Meeting Notes 2015.04.21

1. SquallToast Integration with Hypercube partitioning

Troubleshooted TPCH3 and TPH5 query, the reason that task 1 has no output is that the partitioning only uses 2 machines instead of 3 machines. This is because the cost criteria include both computation cost and communication cost. If only computation cost is considered, the partitioning will use 3 machines.

2. General Graph model for any combinations of join

In the last meeting we discussed how to extend chain join model to any join model.
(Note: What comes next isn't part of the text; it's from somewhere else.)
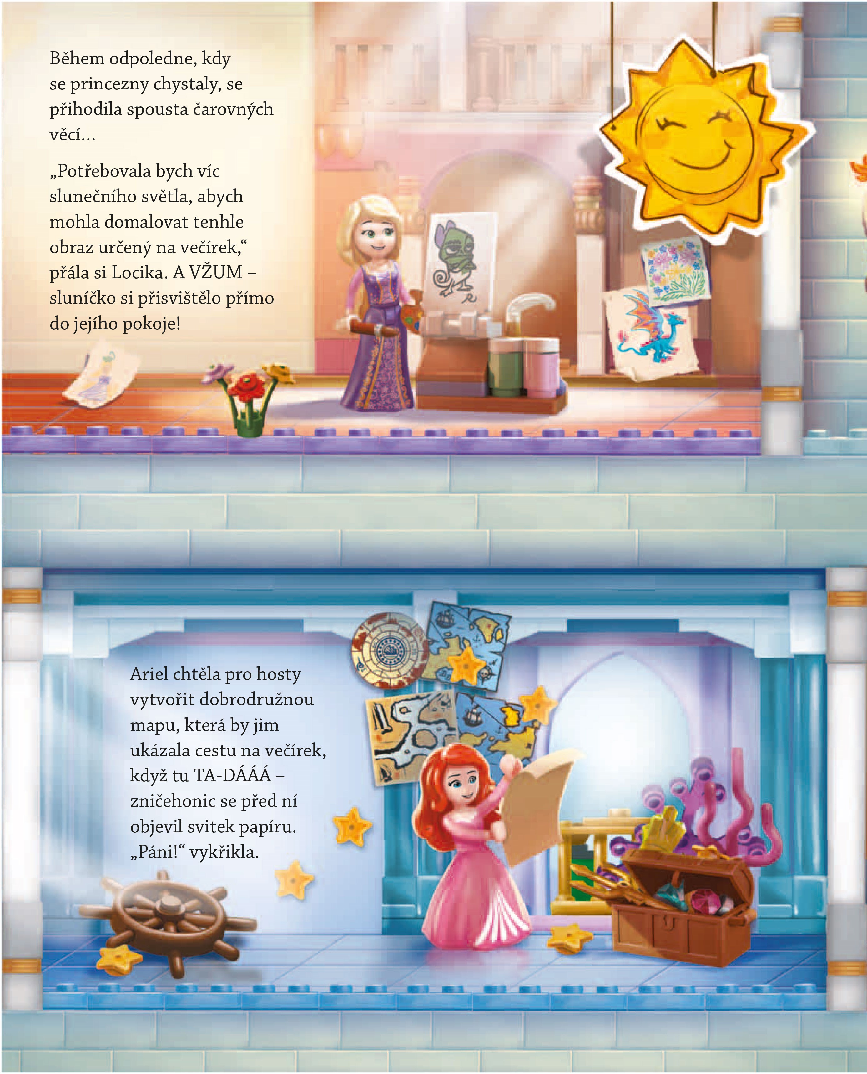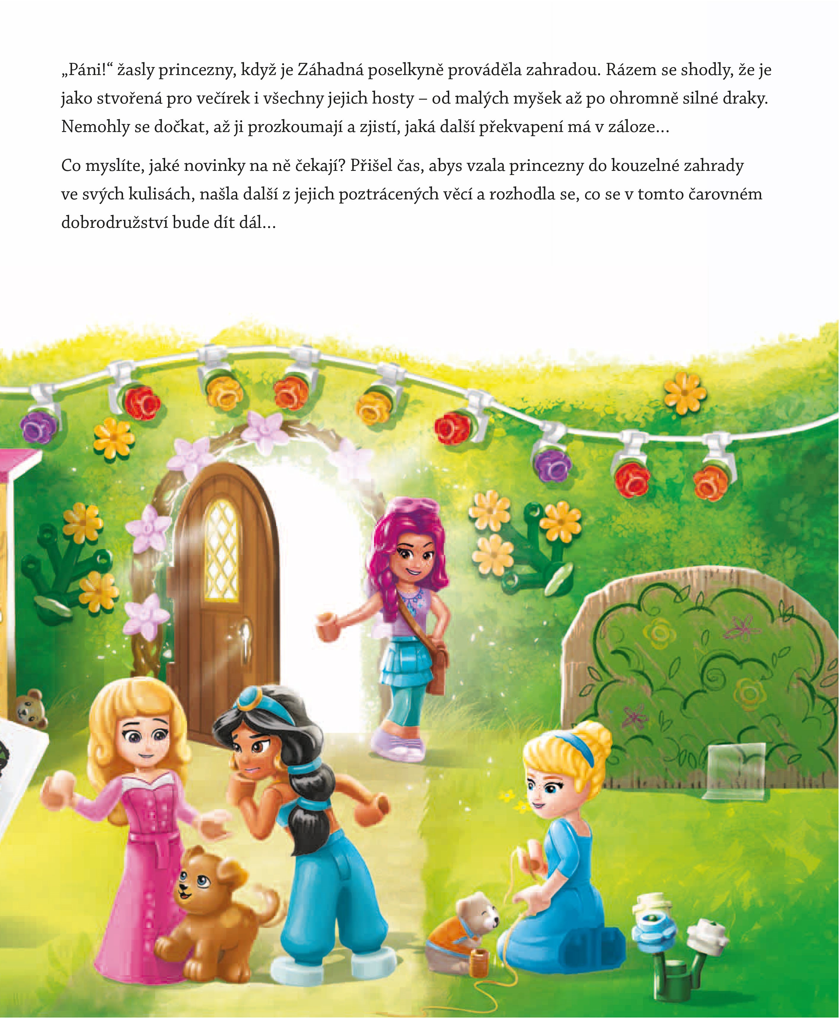 Vstup přímo do světa LEGO® Disney Princezen™ a hraj si s nimi v záhadné zahradě, která se ti po otevření knížky rozprostře přímo před očima. A to doslova, protože obsahuje třírozměrné kulisy, v nichž se odehrává příběh, který si v knize přečteš. Můžeš si ho tak zahrát a dokončit podle svých představ přímo se svými minifigurkami. Je jen na tobě, jak se všechno odehraje. Popusť uzdu své fantazii a přidej se k princeznám v jejich světě – už na tebe netrpělivě čekají!

We have implemented general abstraction for different kind of join models. We did not push implementation  because intersection part is not finished yet. This week we are planing to finish both implementation and integration with new Squal code base. 

3. TPCH Query Analysis: 

TPCH2: 

SELECT TOP 100 S_ACCTBAL, S_NAME, N_NAME, P_PARTKEY, P_MFGR, S_ADDRESS, S_PHONE, S_COMMENT

FROM PART, SUPPLIER, PARTSUPP, NATION, REGION
WHERE P_PARTKEY = PS_PARTKEY AND S_SUPPKEY = PS_SUPPKEY AND P_SIZE = 15 AND
P_TYPE LIKE '%%BRASS' AND S_NATIONKEY = N_NATIONKEY AND N_REGIONKEY = R_REGIONKEY AND
R_NAME = 'EUROPE' AND
PS_SUPPLYCOST = (SELECT MIN(PS_SUPPLYCOST) FROM PARTSUPP, SUPPLIER, NATION, REGION
 WHERE P_PARTKEY = PS_PARTKEY AND S_SUPPKEY = PS_SUPPKEY
 AND S_NATIONKEY = N_NATIONKEY AND N_REGIONKEY = R_REGIONKEY AND R_NAME = 'EUROPE')
ORDER BY S_ACCTBAL DESC, N_NAME, S_NAME, P_PARTKEY
 
Nested query: 
SELECT MIN(PS_SUPPLYCOST) FROM PARTSUPP, SUPPLIER, NATION, REGION
 WHERE P_PARTKEY = PS_PARTKEY AND S_SUPPKEY = PS_SUPPKEY
 AND S_NATIONKEY = N_NATIONKEY AND N_REGIONKEY = R_REGIONKEY AND R_NAME = 'EUROPE'
 
Tentative query Plan: 
1) Perform first the nested query using DBToasterJoinComponent:
- On result change - send 2 tuple: 1 insert tuple and 1 delete tuple. 
 
2) The output tuple of the component above will be join with another DBToasterJoinComponent which should handle the insert and delete tuple event
 
4) Experiment with Azure cluster:
- Data is replicated across machine for now (at /data/tpch)
- Nimbus: efnimbus1.cloudapp.net
- Superviors: supervisor1.cloudapp.net
                     supervisor2.cloudapp.net
SSH: azureuser. Password ******
StormUI:  http://efnimbus1.cloudapp.net:28080/index.html
 
5) Merged SquallToast with new changes in master.
Dbtoaster as standalone binary now. 
 
 
Discussions:
1) Problem: scala 2.10 vs 2.11. Solution: dbtoaster as standalone binary (native call). 
+ No need to install scala on the cluster. Generated code requires scala lib --> include scala directly into squall system.
e.g. scala.lib.jar 2.11, (dbtt.compiler, /bin/dbtoaster) -> scala code
+ Recompile problem (sbt.clean): download dependency again
--> Plan: modify install.sh (install from repos, not copy)
2) Nested query: two cases:
Q2: Some queries need the whole relation (e.g. min) --> implement as subsequent hypercube joins
Q1: Some queries only need part of tuples? --> only need 1 hypercube join. Solution: use timestamp. Problems: inefficiency, timestamp sync. Because need to keep track of timestamp for everyfile being read (from machines).
--> Plan: 
+ Identify partial queries
+ Min (S) is sometimes local?
+ Talk about right semantics (timestamp)
+ In Q2, how to evaluate resources between 2 hypercubes?
+ Correction between query (nested pattern) and resource allocation
 
3) Random assignment function (configuration: diff funcs)
+ Problem: with 2 supervisors, rsf seems not uniform.
+ #Workers/cores/places/threads/supervisors
+ Check if random assignment function works properly with more than 2 supervisors.
 
Next steps:
+ Experiments
+ Merge with main branch
+ Analysis